2. Communion is for Christians, but we better remember to treat it with respect.

a. Disregard for the Holy in our world today. "Secularism is to live as though God does not exist. We believe in Him, but thats as far as it goes Our home life, business life, social life are conducted along lines which leave God out. But the ultimate course of secularism leads to spiritual bankruptcy expediency rather than principle."

b. We must be alert to the dangers of repeating a ritual without experiencing its reality. God gave the Israelites many symbolic celebrations to observe. Their purpose was to commemorate God’s great acts in the past and to remember His covenant(s) with them. The prophets frequently rebuked the Israelites for repeating the rituals, while forsaking or forgetting the realities behind them. The solution to religious ritualism is not to forsake the ritual, or to do it less frequently, but to seek always to perform the rituals in a way consistent with the reality they symbolize.
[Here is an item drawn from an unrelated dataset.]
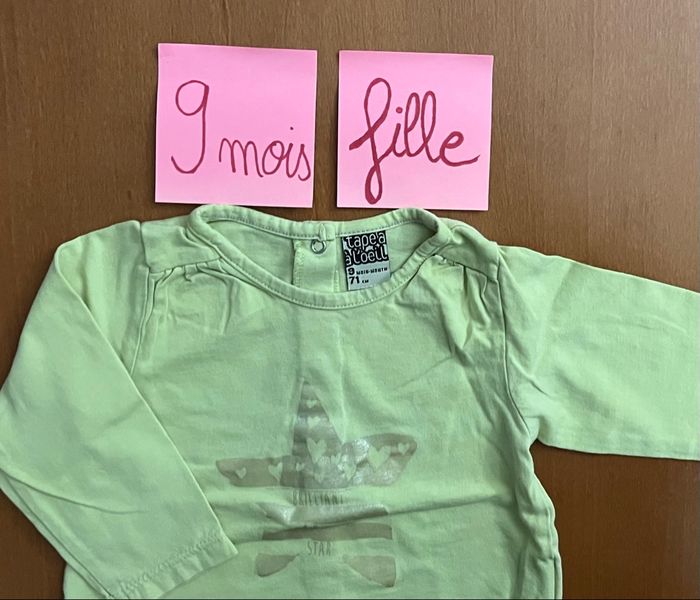 Bonjour, A vendre t-shirt taille 9 mois de la marque Tape à l’œil: 1€50 Il a été porté voir les photos. Mis sur d’autres groupes de vente Regardez dans mon dressing j’ai des vêtements garçon du 3 mois à 10 ans Et des vêtements fille de la naissance à 4 ans

Conclusion/Applic: A few years ago, on "Good Morning, America," Joan Lunden featured some extraordinary gifts you might want to include on your Christmas gift list.One of them was a Jaguar automobile, the Jaguar 220. If you care to order one of these, go to your Jaguar dealer and put down your $80,000 deposit. Then when the automobile is delivered, you are expected to pay the balance of $507,000. The Jaguar 220 is a $587,000 automobile, and they only make 250 of them a year. Joan Lunden mentioned that if you were to purchase such an automobile, you might also be interested in a new car wax that promises to give it the ultimate shine. It retails for $3,400 for an 8 ounce can. I guess if you can afford a $587,000 automobile, why not spend $3,400 for car wax?A third item she mentioned was a $300,000 gold and silver toilet seat inlaid with precious stones. Of course, there were cheaper gifts for those who have everything: an $18,000 frisbee, a $10,000 yoyo, a $12,000 mousetrap, and even a $27,000 pair of sunglasses. And for the proud grandparent who is wondering what to buy the new grandbaby, how about a $28,000 pacifier? Such gifts stagger our imagination, don’t they? But they are not indescribable. Only God can give gifts beyond description, and priceless besides. His greatest was the gift of Christ Jesus. At communion, we remember our most precious gift-- the forgiveness that came through the sacrifice of Jesus. "Thanks be to God for His indescribable gift!" (SOURCE: Melvin Newland, edited by SermonCentral Staff. Citation: 2 Corinthians 9:15.)